Llegados a este punto, ¿dónde está el límite? Lamentablemente, la incidencia de la publicidad y las actividades comerciales sobre el espacio público también alcanza a los aspectos materiales del mismo. No en vano, cada vez es más habitual la explotación de las plazas como soporte para eventos patrocinados, instalaciones o mercadillos; despojando así a la ciudadanía de la posibilidad de utilizarlas libre y gratuitamente. Y para más inri, en muchas ocasiones estos aprovechamientos se hacen a cambio de tasas ridículas.
Precisamente, esta derivada del impacto de los elementos publicitarios en las ciudades, guarda una estrecha relación con la tercera y última dimensión de la privatización del espacio público: su diseño.
Diseño
En las décadas anteriores ha habido una eclosión de obras dedicadas a la reforma o construcción de las denominadas plazas «duras»: grandes explanadas de piedra - generalmente granítica- en las que encontrar un banco donde sentarse en compañía o guarecerse bajo la sombra de un árbol resulta toda una hazaña. Seguramente en vuestro barrio, ciudad o pueblo haya una que cumpla estas características.
Las plazas duras constituyen el soporte idóneo para acoger actividades comerciales y eventos publicitarios. Así, la coartada de la modernidad o de menores costes de mantenimiento encubre efectos perversos: son espacios públicos inhóspitos, en los que la gente no puede sentarse a descansar, charlar amigablemente o a comerse un simple bocata. Es decir, plazas antisociales, que dificultan la relación entre personas y que dirigidas exclusivamente al tránsito de peatones y la realización de eventos de empresas privadas. Despojadas de cualquier rasgo que les dé sentido como verdadero espacio público, el diseño de estas plazas constituye la epítome de su privatización.
Aunque desde la arquitectura y el urbanismo se aluda a la neutralidad y a las sublimes cualidades estéticas de este tipo de plazas, lo cierto es que su diseño suele esconder una clara vocación política: a través de él se determina, a veces de manera intencionada, otras por mera especulación formal, el tipo de relación y acceso que las personas vamos a tener a él. De esta manera, que un proyecto incluya o no la perspectiva de las personas que tradicionalmente han sido expulsadas de la esfera pública (mujeres, niños y niñas, personas mayores y con diversidad funcional, etc.) determina su grado de exclusión. Y, por tanto, su nivel de privatización en tanto que se priva de acceso, uso o disfrute a estas personas.
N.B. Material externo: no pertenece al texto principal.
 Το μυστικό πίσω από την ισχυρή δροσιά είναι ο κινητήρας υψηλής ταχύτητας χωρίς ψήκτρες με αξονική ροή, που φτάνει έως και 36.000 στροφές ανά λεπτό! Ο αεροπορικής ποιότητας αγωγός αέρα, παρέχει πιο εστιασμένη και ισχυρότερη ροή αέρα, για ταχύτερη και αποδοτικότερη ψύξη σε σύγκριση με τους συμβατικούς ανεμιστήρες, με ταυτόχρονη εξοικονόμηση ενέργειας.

También lo hace el hecho de incluir parámetros que fomenten la atracción o repulsión de personas. Dependiendo del enfoque del diseño, una plaza puede fomentar la cohesión y diversidad social y, como diría el filósofo alemán Jürgen Habermas, constituir ese ámbito de nuestra vida cotidiana desde el que construir la opinión pública (frente a la publicada, añadimos). O por lo contrario pueden ser simple eriales por los que uno pueda transitar (rápido, muy rápido) sin tener contacto humano alguno.
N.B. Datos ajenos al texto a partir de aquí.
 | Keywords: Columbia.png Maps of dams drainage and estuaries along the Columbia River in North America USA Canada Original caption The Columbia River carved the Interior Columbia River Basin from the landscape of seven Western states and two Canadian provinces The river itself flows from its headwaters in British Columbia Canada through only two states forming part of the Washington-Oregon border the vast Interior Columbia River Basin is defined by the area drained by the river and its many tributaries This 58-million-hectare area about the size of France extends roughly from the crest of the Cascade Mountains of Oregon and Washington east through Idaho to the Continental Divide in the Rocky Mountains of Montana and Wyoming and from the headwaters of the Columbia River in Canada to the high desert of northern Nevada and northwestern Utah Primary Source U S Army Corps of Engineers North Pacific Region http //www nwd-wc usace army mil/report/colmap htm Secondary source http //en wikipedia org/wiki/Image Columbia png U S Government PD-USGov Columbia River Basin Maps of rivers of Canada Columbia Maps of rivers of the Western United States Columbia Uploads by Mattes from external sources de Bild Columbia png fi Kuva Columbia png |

Desde la antigua Grecia el espacio público ha sido el principal lugar de encuentro y socialización en las ciudades y pueblos, soporte de multiplicidad de actividades así como de debate político y empoderamiento colectivo. Un bien común desde el que poder fomentar la igualdad, el respeto y la solidaridad como base a una sociedad más justa y democrática.Sin embargo, las diferentes dimensiones descritas ponen en jaque el sentido su propia esencia, haciendo peligrar los propios pilares de la democracia. Por lo tanto, su salvaguarda ante intereses mercantilistas debería constituir una prioridad para los poderes públicos y para la propia ciudadanía (a través de su reivindicación e implicación). De lo contrario, estaremos construyendo unas ciudades, unos estados, un mundo más desiguales y menos libres.
* Este artículo previamente apareció originalmente publicado en el número impreso septiembre 2015 de la revista Tinta Libre con el título «Prohibido jugar a la pelota en la plaza»
Créditos de las imágenes:
Imagen 01: Niños jugando a la pelota en la plaza (fuente: Ayuntamiento de Ermua) Imagen 02: Terraza de hostelería invadiendo el espacio público en Valencia (fuente: El País) Imagen 03: Vodafone Sol (fuente: El Huffington Post) Imagen 04: Plaza de Callao (fuente: Urbanity)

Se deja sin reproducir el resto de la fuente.